**Task instructions:** From the records below, print exactly the lines starting at the one containing "Orico docking stanica" and ending at the one containing "(6) 基本登録が済みましたので、「あとで」をタップします。 |", ends included, and nothing else.

*** Opening of Supplied material ***

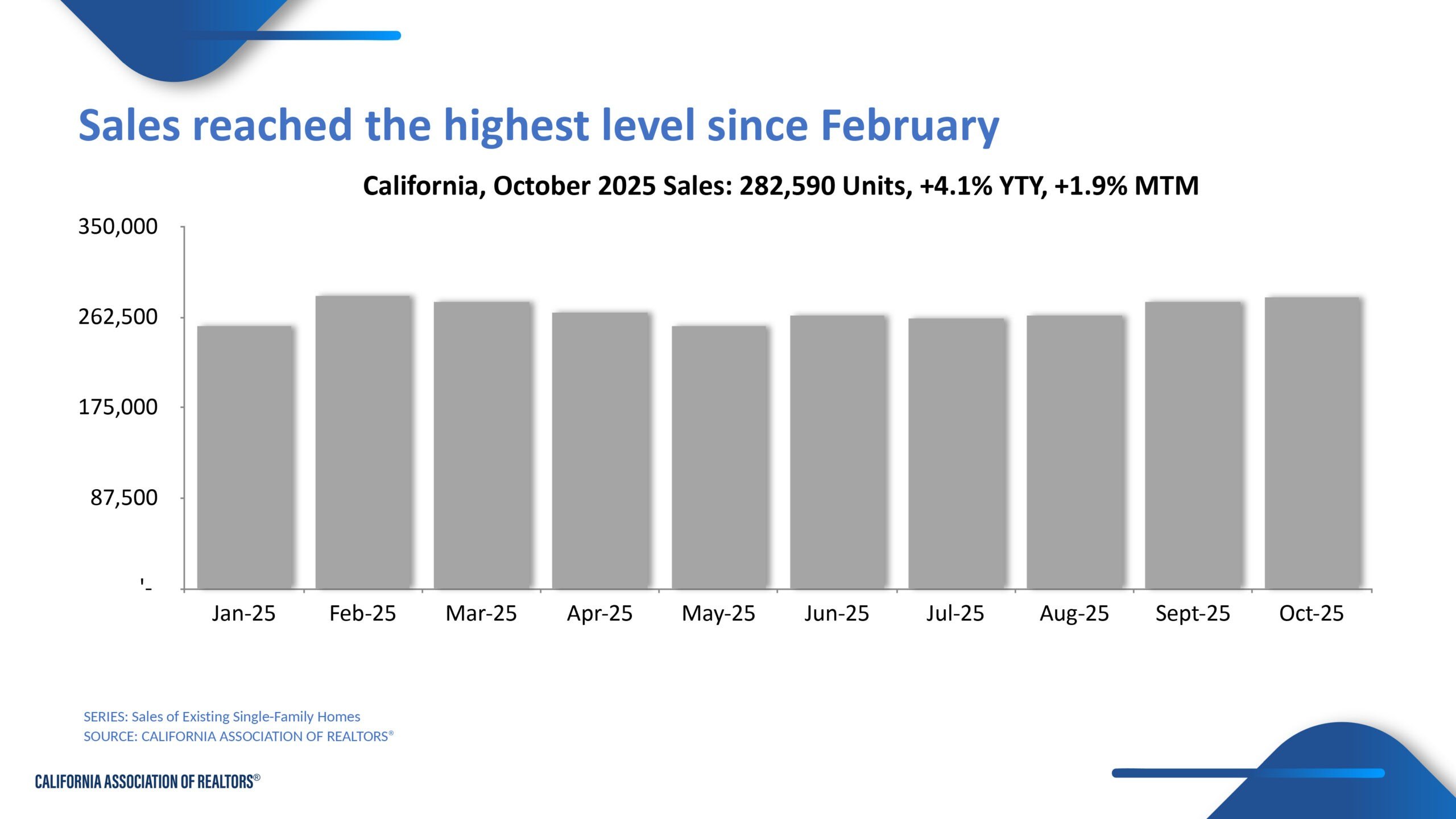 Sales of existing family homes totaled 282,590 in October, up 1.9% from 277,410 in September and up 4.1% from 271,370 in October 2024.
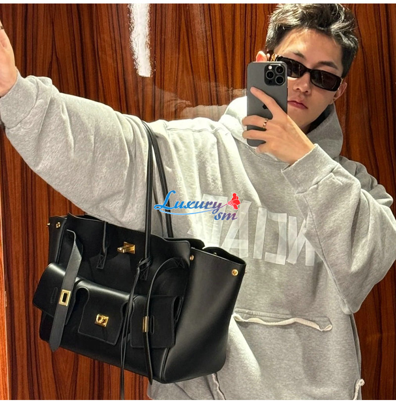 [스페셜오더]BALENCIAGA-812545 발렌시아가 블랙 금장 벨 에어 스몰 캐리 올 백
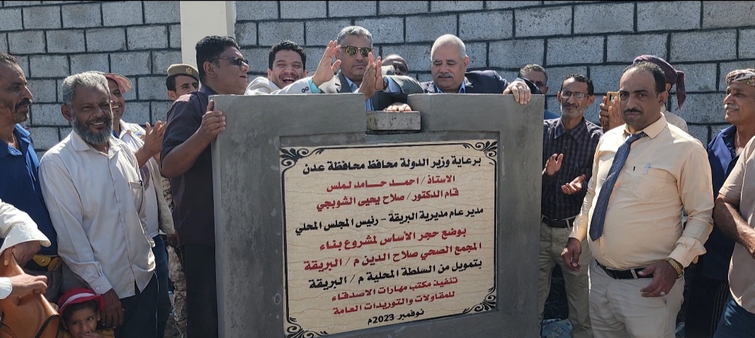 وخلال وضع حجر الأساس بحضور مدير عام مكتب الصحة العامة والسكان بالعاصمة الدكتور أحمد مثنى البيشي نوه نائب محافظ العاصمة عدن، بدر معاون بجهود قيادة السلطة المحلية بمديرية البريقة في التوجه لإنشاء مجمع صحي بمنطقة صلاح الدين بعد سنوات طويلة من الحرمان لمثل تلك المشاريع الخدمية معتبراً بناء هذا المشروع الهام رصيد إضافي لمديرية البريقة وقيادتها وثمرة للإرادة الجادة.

*** Close of Supplied material ***
*** Opening of Supplied material ***

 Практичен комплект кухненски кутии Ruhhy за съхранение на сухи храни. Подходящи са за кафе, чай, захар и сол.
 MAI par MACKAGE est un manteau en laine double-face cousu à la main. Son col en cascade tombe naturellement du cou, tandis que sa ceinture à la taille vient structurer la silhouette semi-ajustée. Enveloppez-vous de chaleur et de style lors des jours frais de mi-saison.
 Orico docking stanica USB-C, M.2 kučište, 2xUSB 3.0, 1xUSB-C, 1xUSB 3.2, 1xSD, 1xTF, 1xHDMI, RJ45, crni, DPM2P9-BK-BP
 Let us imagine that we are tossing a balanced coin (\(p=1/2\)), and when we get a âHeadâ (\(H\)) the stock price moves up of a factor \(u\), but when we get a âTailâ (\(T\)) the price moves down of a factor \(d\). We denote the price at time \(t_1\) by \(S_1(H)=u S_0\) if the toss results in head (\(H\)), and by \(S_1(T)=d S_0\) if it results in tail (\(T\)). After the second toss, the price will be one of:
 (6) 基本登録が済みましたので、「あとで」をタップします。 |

*** Close of Supplied material ***

**Response:**
 Orico docking stanica USB-C, M.2 kučište, 2xUSB 3.0, 1xUSB-C, 1xUSB 3.2, 1xSD, 1xTF, 1xHDMI, RJ45, crni, DPM2P9-BK-BP
 Let us imagine that we are tossing a balanced coin (\(p=1/2\)), and when we get a âHeadâ (\(H\)) the stock price moves up of a factor \(u\), but when we get a âTailâ (\(T\)) the price moves down of a factor \(d\). We denote the price at time \(t_1\) by \(S_1(H)=u S_0\) if the toss results in head (\(H\)), and by \(S_1(T)=d S_0\) if it results in tail (\(T\)). After the second toss, the price will be one of:
 (6) 基本登録が済みましたので、「あとで」をタップします。 |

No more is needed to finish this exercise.